Through retrieval, up to the present ferroso-ferric oxide is inlayed the preparation method of ammonium phosphomolybdate polygonal crystal and is not yet appeared in the newspapers Road.
Summary of the invention
It is an object of the invention to provide the preparation method that a kind of magnetic iron oxide/ammonium phosphomolybdate is composite porous.This During the magnetic ferric oxide nano particles of preparation is added the self assembly of ammonium phosphomolybdate polygonal crystal by invention, and to material Material carries out surface modification, has synthesized magnetic iron oxide/ammonium phosphomolybdate composite porous.In this composite, magnetic iron oxide is received Rice grain is embedded in the loose structure of ammonium phosphomolybdate crystal in preparation process equably, combines magnetic recovery and phosphomolybdic acid The ammonium characteristic to cesium ion selective absorption, has preferable application prospect in fields such as nuclear pollution process.
The present invention is achieved through the following technical solutions above-mentioned technical purpose:
The preparation method that a kind of magnetic iron oxide/ammonium phosphomolybdate is composite porous, is with magnetic ferric oxide nano particles as core, Utilize growth in situ self-assembling technique, magnetic ferric oxide nano particles is uniformly embedded in ammonium phosphomolybdate polygonal crystal porous knot Structure prepares magnetic iron oxide/ammonium phosphomolybdate composite porous.
The composite porous preparation method of described magnetic iron oxide/ammonium phosphomolybdate specifically includes following steps:
(1) by Superparamagnetic Iron Oxide nanoparticle ultrasonic disperse in salpeter solution, stand 30-40min after stirring, make It is washed with deionized magnetic ferric oxide nano particles 3-4 time, then by its ultrasonic disperse to deionized water, mechanical agitation bar It is added thereto to ammonium molybdate solution under part, continues stirring 10-20 min, obtain intermediate solution 1;
(2) being slowly added in deionized water by concentrated nitric acid, concussion is added thereto to potassium pyrophosphate, stirring and dissolving after shaking up, obtain Intermediate solution 2;
(3) under mechanical agitation, intermediate solution 2 is added dropwise in intermediate solution 1, uses after continuing stirring 0.8-1.2h Magnet separation product, makes to be washed with deionized, dries that i.e. to can get magnetic iron oxide/ammonium phosphomolybdate composite porous.

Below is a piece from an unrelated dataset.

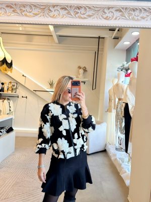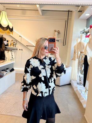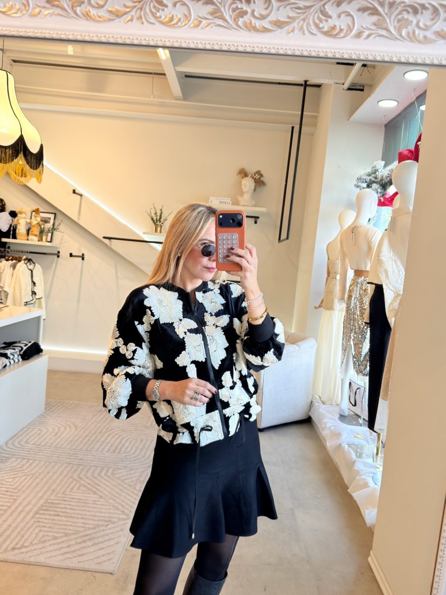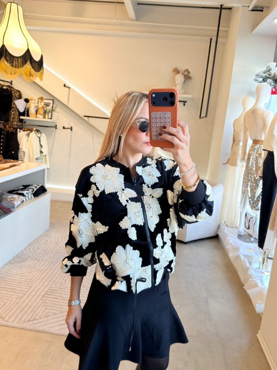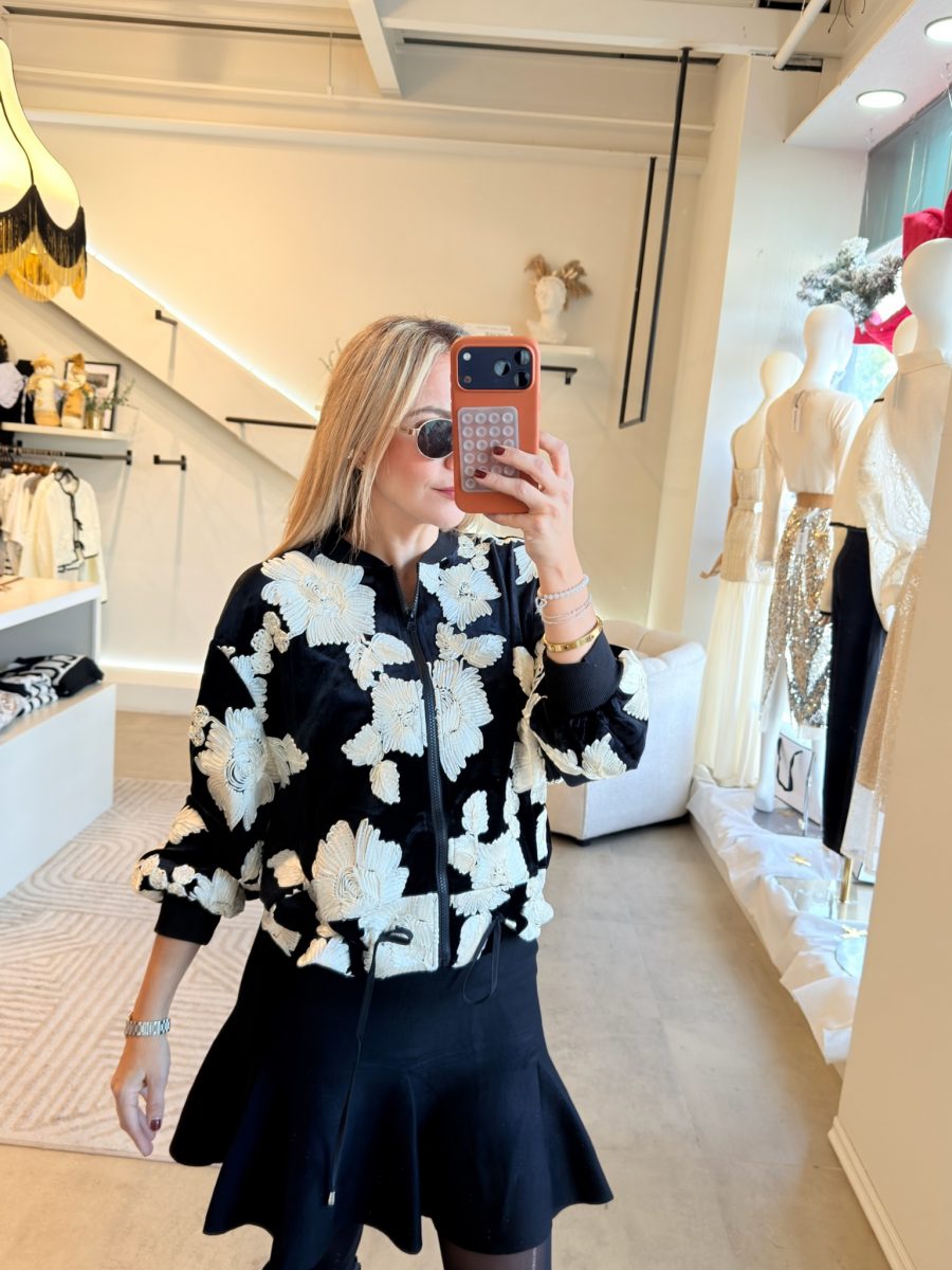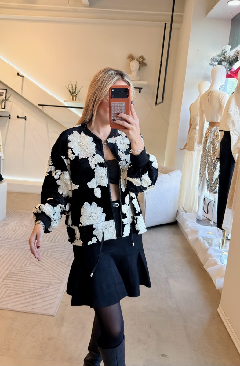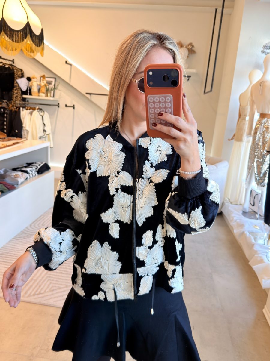 Jacket terciopelo con cierre color negra y bordado de flores color blanca

Applicant is found by preparation experiment, magnetic ferric oxide nano particles particle diameter and magnetic ferric oxide nano particles with The ratio of weight and number of potassium pyrophosphate is to affect product magnetic iron oxide/composite porous shape of ammonium phosphomolybdate and come off The key factor of rate, applies for for this having carried out These parameters preferably in experimental basis, and wherein said magnetic iron oxide is received Rice corpuscles is the one in ferroso-ferric oxide, r-iron sesquioxide.The particle diameter of described magnetic ferric oxide nano particles is preferably 8-12 nm.Described magnetic ferric oxide nano particles is 1:0.5-5, preferably 1:2 with the weight ratio of potassium pyrophosphate.Described step Rapid 2) in, concentrated nitric acid is 1:4-9, more preferably 1:7 with the volume ratio of deionized water.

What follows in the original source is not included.